• RECORDS FOR THE EXERCISE:
· · · · ·
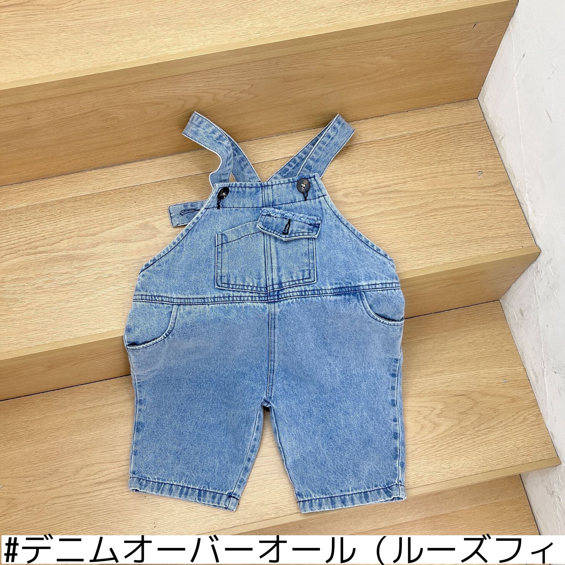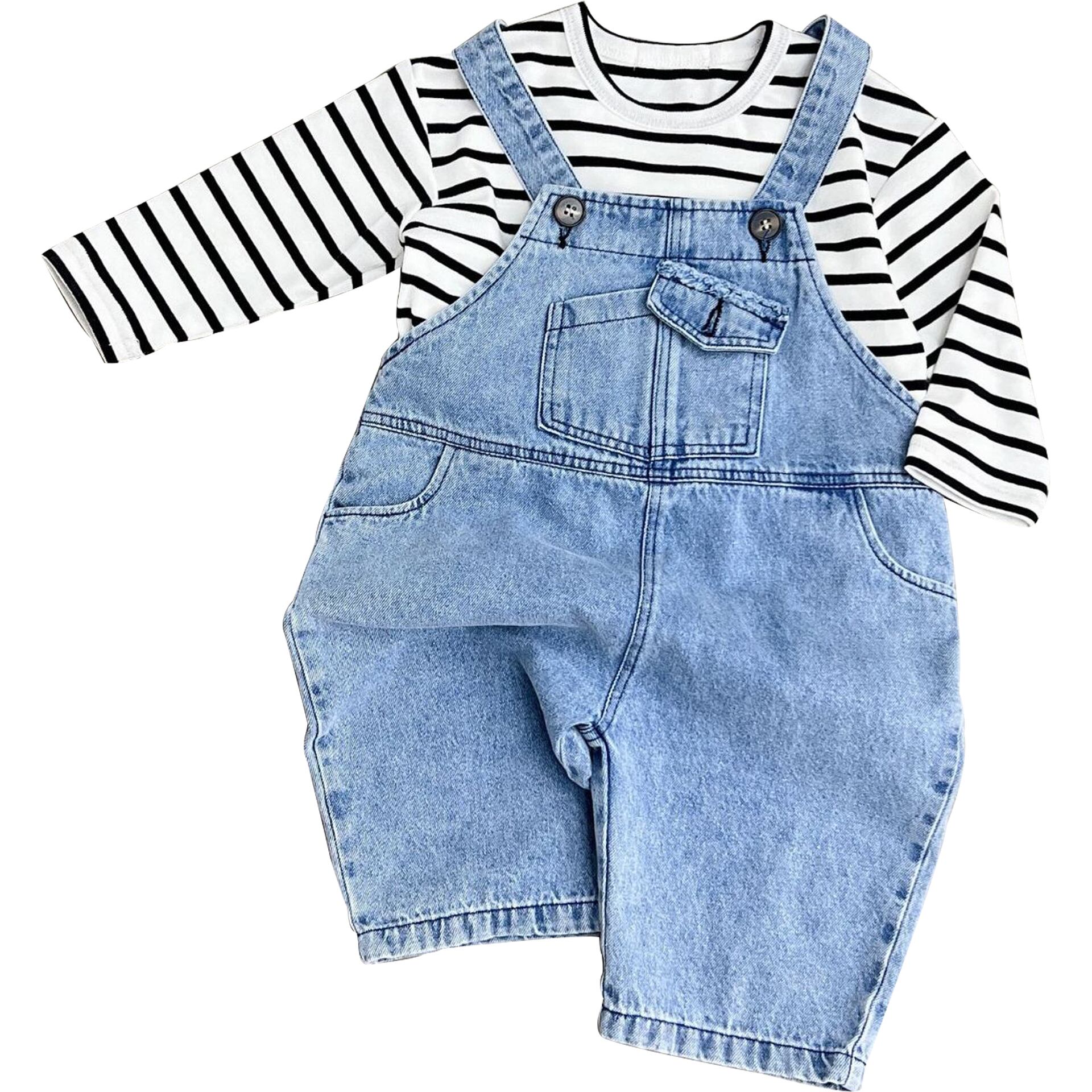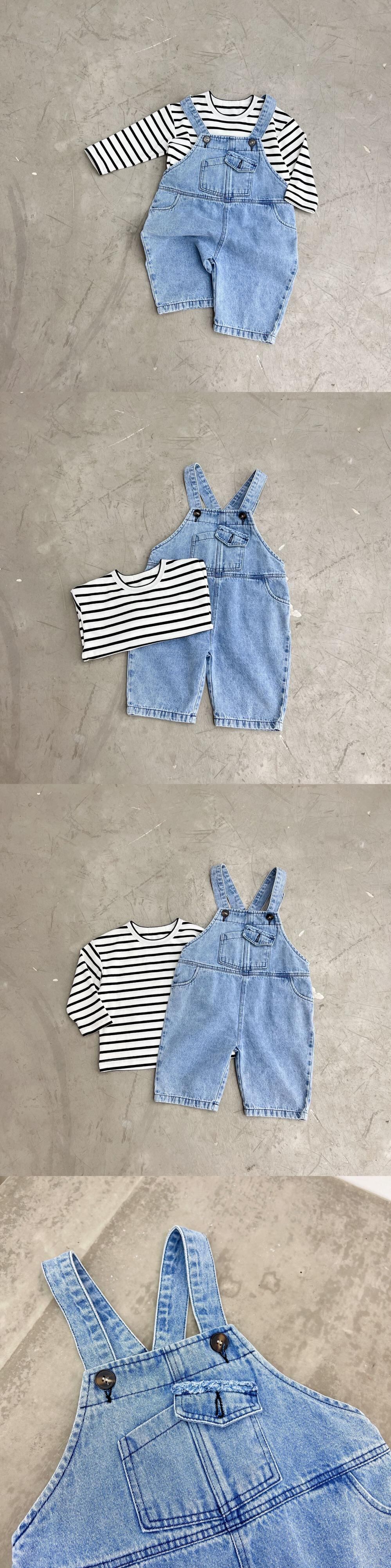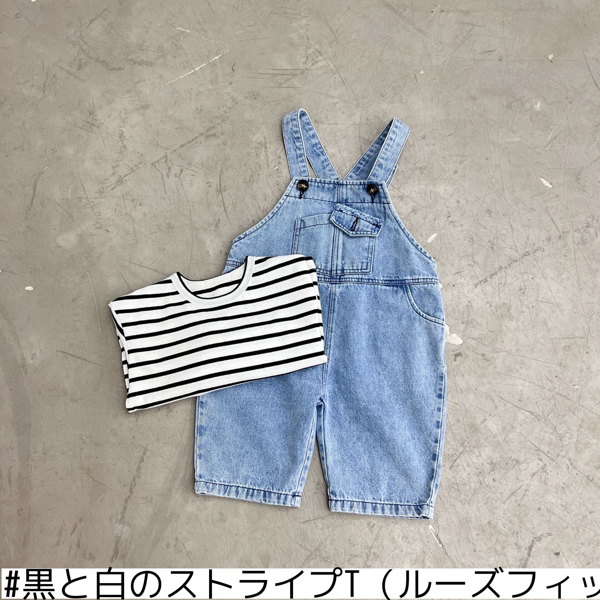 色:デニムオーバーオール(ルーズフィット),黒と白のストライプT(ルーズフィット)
· · · · ·
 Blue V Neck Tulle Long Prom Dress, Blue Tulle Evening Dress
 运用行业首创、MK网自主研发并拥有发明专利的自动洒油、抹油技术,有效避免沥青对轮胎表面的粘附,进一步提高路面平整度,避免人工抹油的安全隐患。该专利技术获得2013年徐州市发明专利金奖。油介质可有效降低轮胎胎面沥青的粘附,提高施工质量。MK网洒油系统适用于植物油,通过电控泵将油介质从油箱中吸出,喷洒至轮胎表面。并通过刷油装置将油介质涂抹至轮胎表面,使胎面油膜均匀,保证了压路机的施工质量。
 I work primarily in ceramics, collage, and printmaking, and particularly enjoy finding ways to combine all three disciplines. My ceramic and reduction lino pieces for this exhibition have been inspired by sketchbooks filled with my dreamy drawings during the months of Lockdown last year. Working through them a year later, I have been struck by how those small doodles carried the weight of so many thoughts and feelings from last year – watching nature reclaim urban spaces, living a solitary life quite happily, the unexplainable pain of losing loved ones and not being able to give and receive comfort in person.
· · · · ·
• PROBLEM TO WORK ON:
Output the lines of the records above exactly as they appear, from the line containing "Blue V Neck" through the line containing "运用行业首创、MK网自主研发".

• WRITTEN SOLUTION:
 Blue V Neck Tulle Long Prom Dress, Blue Tulle Evening Dress
 运用行业首创、MK网自主研发并拥有发明专利的自动洒油、抹油技术,有效避免沥青对轮胎表面的粘附,进一步提高路面平整度,避免人工抹油的安全隐患。该专利技术获得2013年徐州市发明专利金奖。油介质可有效降低轮胎胎面沥青的粘附,提高施工质量。MK网洒油系统适用于植物油,通过电控泵将油介质从油箱中吸出,喷洒至轮胎表面。并通过刷油装置将油介质涂抹至轮胎表面,使胎面油膜均匀,保证了压路机的施工质量。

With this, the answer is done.